_Exercise instructions_
Taking only the lines of the data below from the line with "Показания активных веществ" to the line with "Libellé 180 stickers", ends included, write them out exactly and without pictures.

_Data in this exercise_

------------------------------------------------

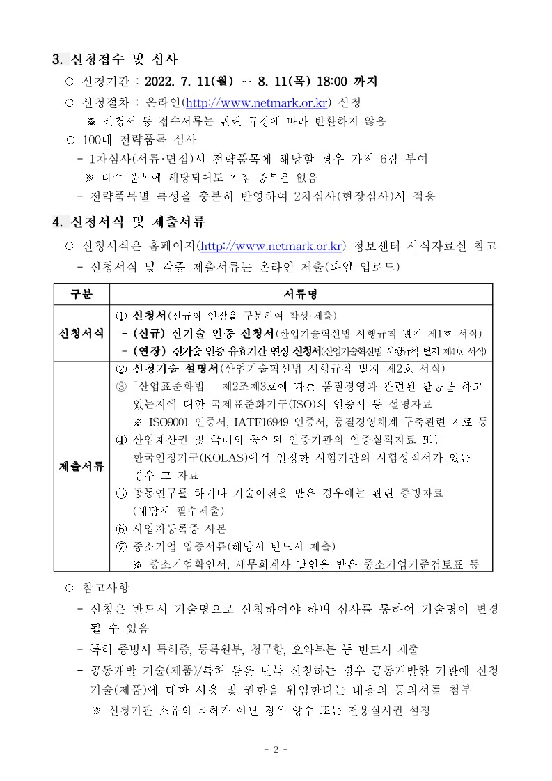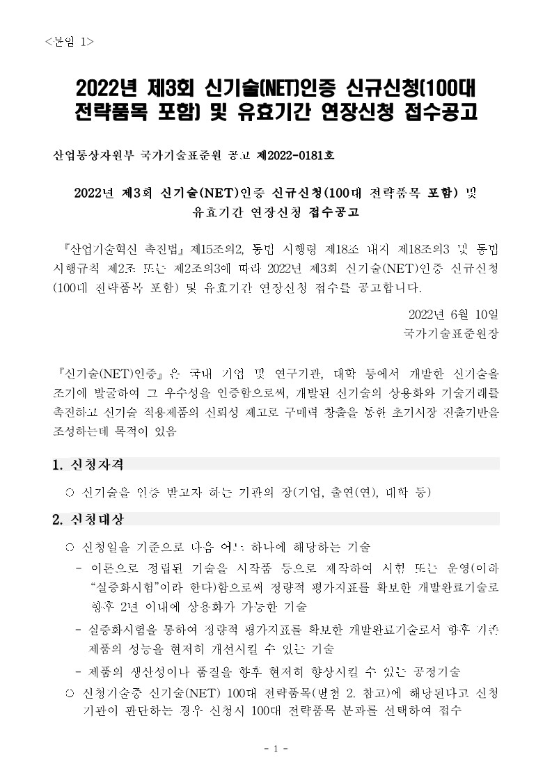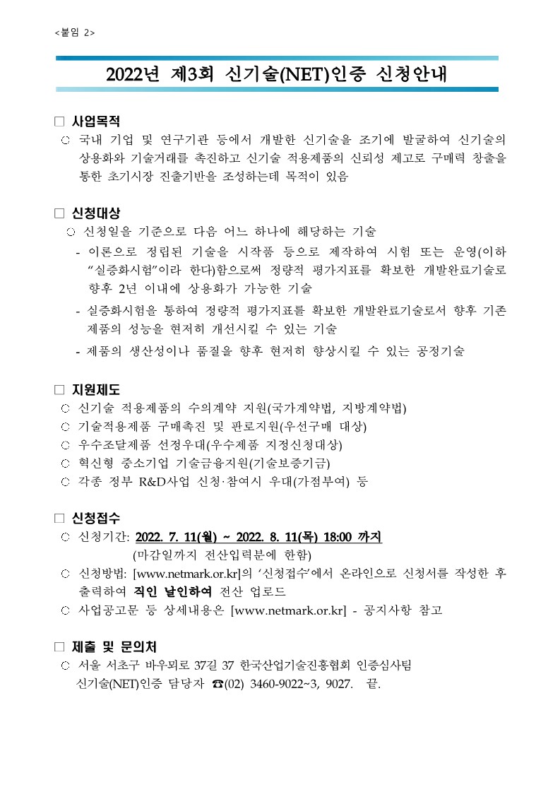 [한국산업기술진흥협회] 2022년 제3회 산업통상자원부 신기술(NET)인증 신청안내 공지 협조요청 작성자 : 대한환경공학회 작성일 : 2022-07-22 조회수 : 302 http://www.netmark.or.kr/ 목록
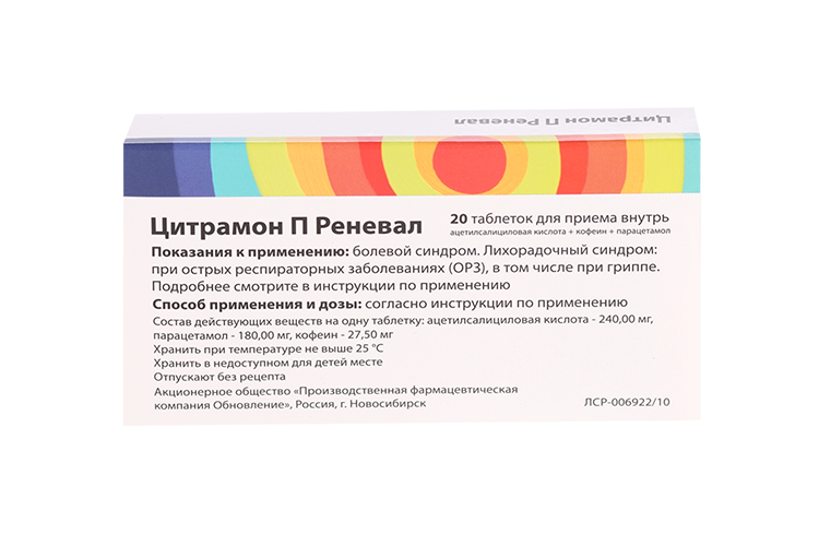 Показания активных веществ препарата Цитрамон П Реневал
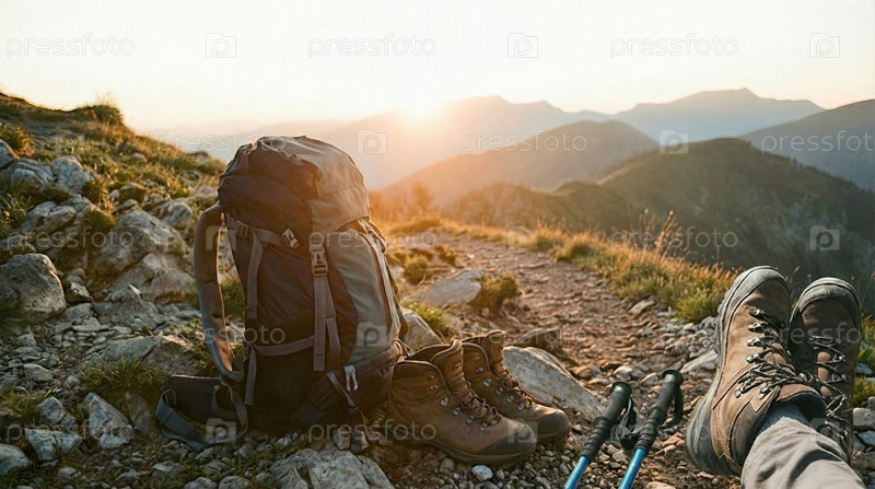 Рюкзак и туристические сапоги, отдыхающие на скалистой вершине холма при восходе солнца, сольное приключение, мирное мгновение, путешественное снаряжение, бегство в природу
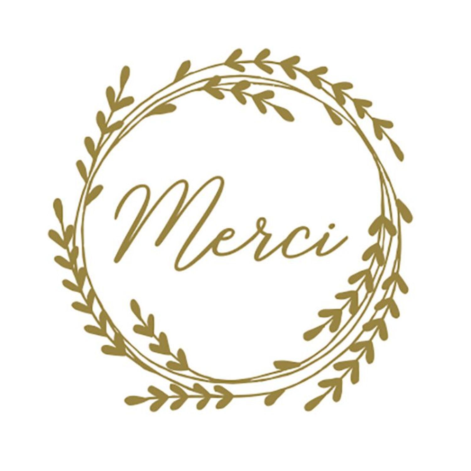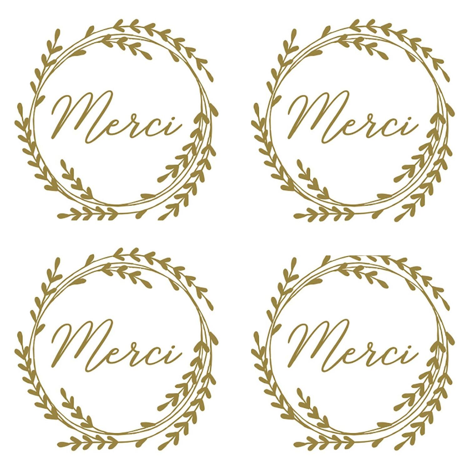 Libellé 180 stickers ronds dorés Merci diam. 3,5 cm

------------------------------------------------

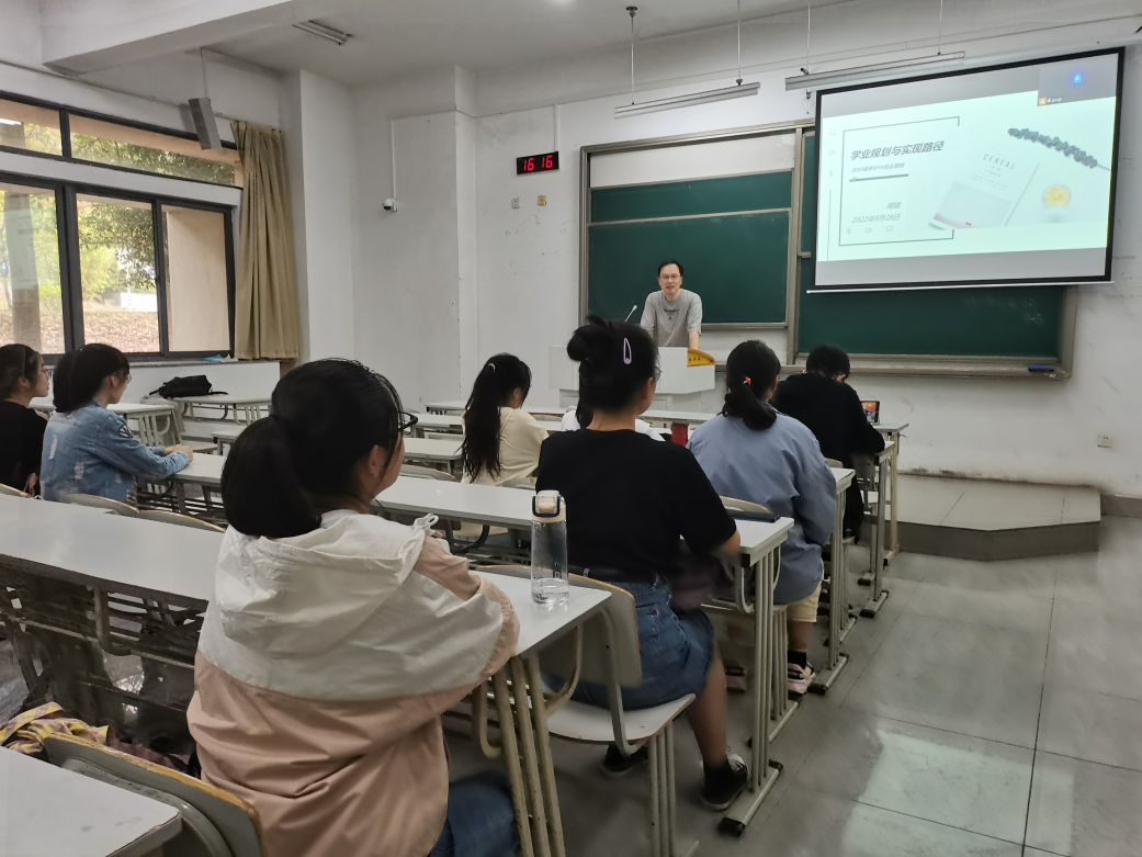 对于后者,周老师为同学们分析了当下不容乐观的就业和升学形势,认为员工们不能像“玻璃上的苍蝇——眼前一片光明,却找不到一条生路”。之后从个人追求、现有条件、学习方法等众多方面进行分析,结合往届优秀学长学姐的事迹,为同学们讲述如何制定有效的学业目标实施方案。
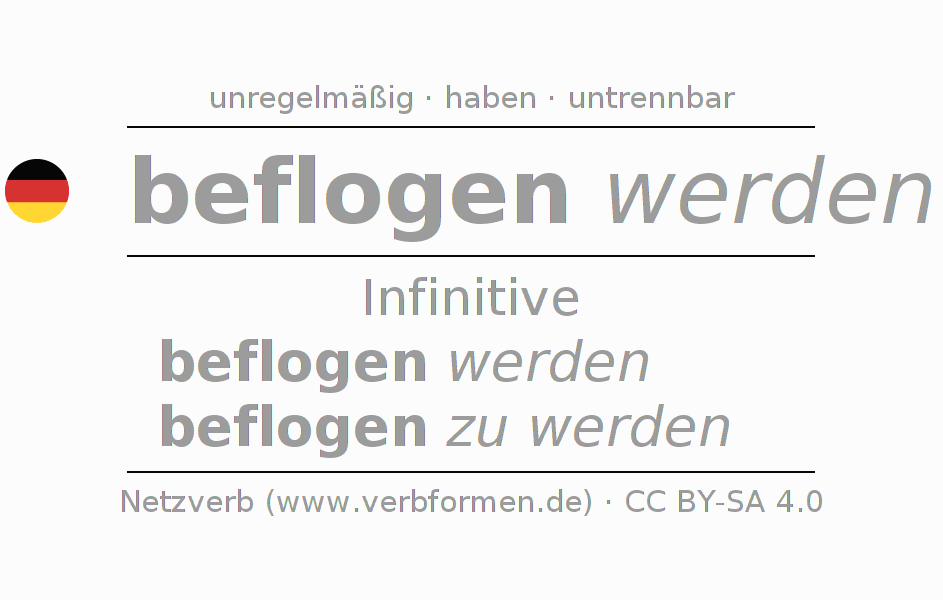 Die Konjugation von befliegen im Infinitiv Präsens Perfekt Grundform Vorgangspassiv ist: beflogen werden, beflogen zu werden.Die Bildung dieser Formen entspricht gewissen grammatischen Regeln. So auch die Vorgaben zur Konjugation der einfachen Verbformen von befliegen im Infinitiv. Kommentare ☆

------------------------------------------------

_Reply_
 Показания активных веществ препарата Цитрамон П Реневал
 Рюкзак и туристические сапоги, отдыхающие на скалистой вершине холма при восходе солнца, сольное приключение, мирное мгновение, путешественное снаряжение, бегство в природу
 Libellé 180 stickers ronds dorés Merci diam. 3,5 cm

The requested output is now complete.